私くらいの年齢になると、ファッションに芽生えた頃、必ず通るのがアイビーとトラッド。
ここ最近、セレクト系のショップでもトラッドばやりといわれていますが、現在のトラッドはいわゆるネオ・トラッドであって本質のトラッドとは少し違っています。
今ショップを賑わせているトラッドは、いわゆるトラッドテイストであって、シルエットもスタイリングも純粋のものではありません。

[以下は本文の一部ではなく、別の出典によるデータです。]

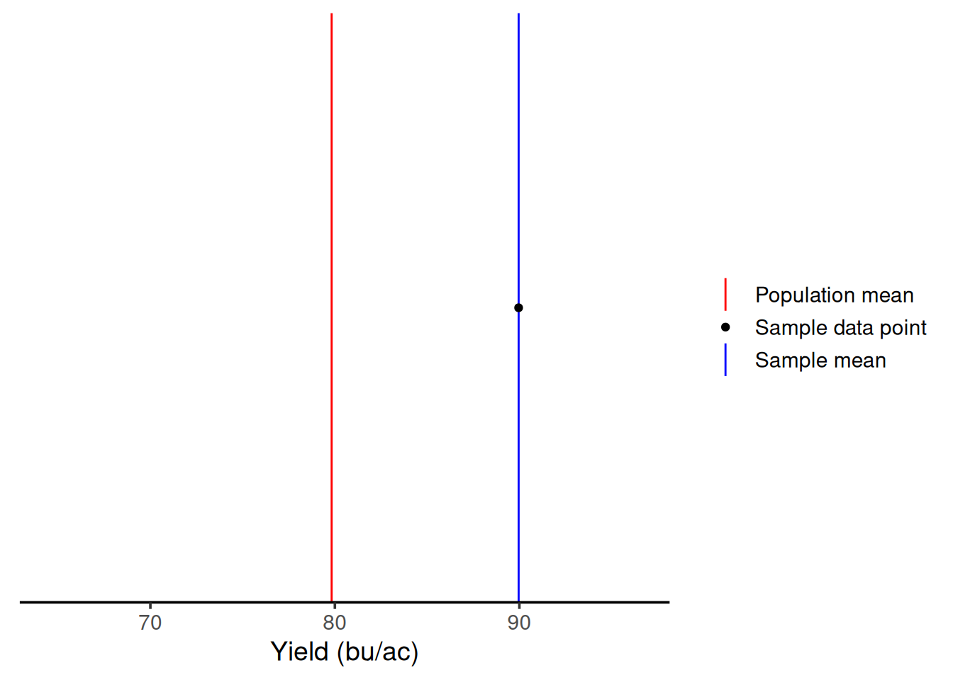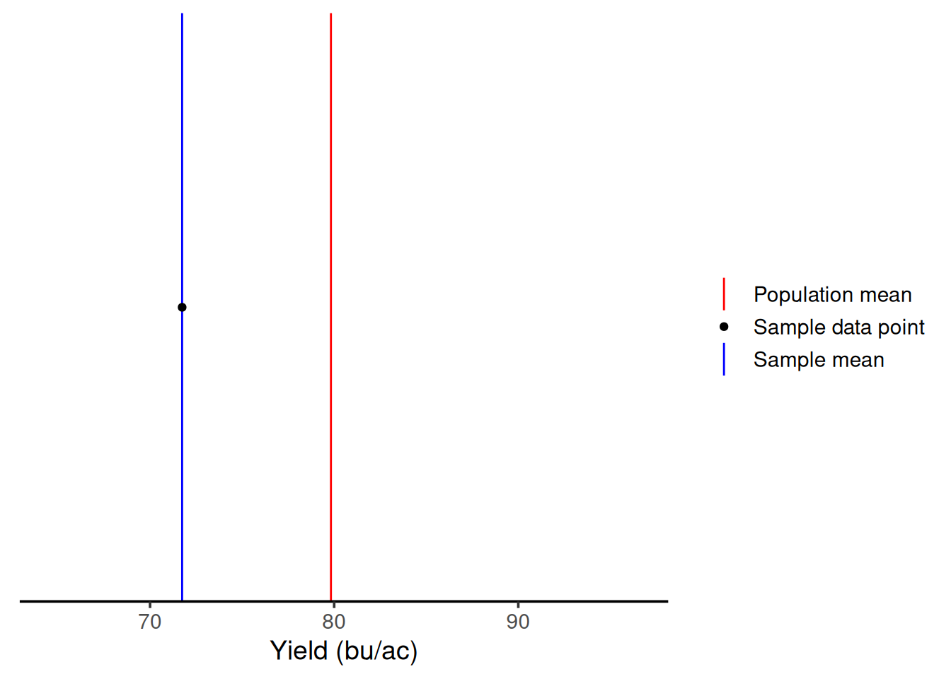 By chance, with one sample, we would end up with a sample average of 71.74 bu/ac. But, this is one time, right? Let’s say I had gone to that field in a different day and had sampled a different location. As we can see from the graph below, with one sample, I could have gotten an average of 89.95 bu/ac. This illustrates that when we have low sample sizes, there’s a lot of variability in our measurements. This means you’re getting two very different answers simply by because of the location within the field that you sampled.

私たちの若い頃トラッドといえば、三つボタン段返りの紺ブレ。ボタンは金ボタンで胸にはモールのエンブレム。
このアイテムを持っていないとアイビーとはいえませんでした。
この私も夏用2着、冬用2着の紺ブレにそれぞれ1着づつモールのエンブレムをつけ、チノパンやデニム、ウールのパンツとそのときによっていろいろな着方を楽しんだものです。

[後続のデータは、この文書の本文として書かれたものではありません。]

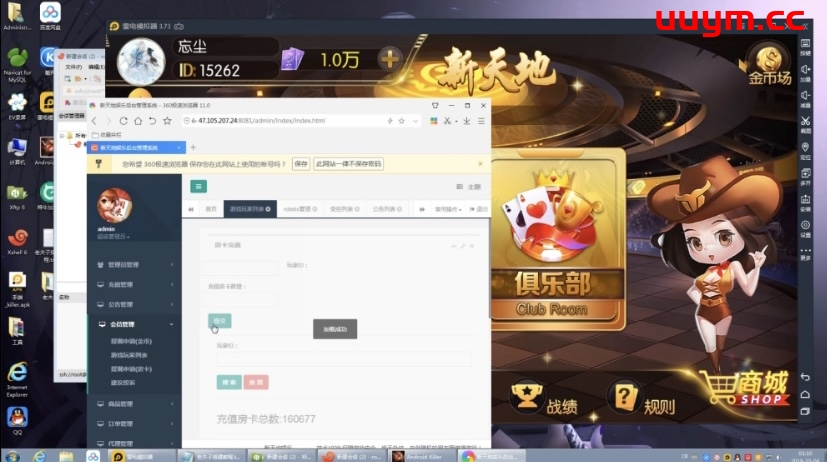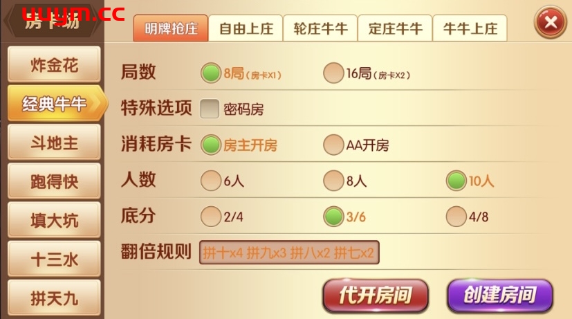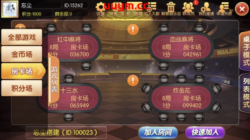 游戏模式:房卡加金币双模式,带俱乐部功能,后台可控制,包含APP双端。

金ボタンも買ったときのままではなく、自分の気に入ったものに付け替えたり、その紺ブレが傷んでもボタンだけは取っておいたりして楽しんだものです。

上の写真はその頃のもの。クラウンのデザインの方はKENTというVANのお兄さんブランド的な存在で日本の代表的なトラッドブランドの紺ブレについていたものです。約10年ほど着続けていましたので表面の金メッキがはげてメタル部分が見えています。
もう1つの方は、それまで着ていたもののボタンを交換しようと獅子のデザインのものを買ったのですが、結局は使わないまま今でもタンスの隅にしまってあるものです。

当時とは若者のファッション事情もかなり違っていますが、ファッションに対する興味やときめきは、今も昔もあまり変わらないのかもしれません。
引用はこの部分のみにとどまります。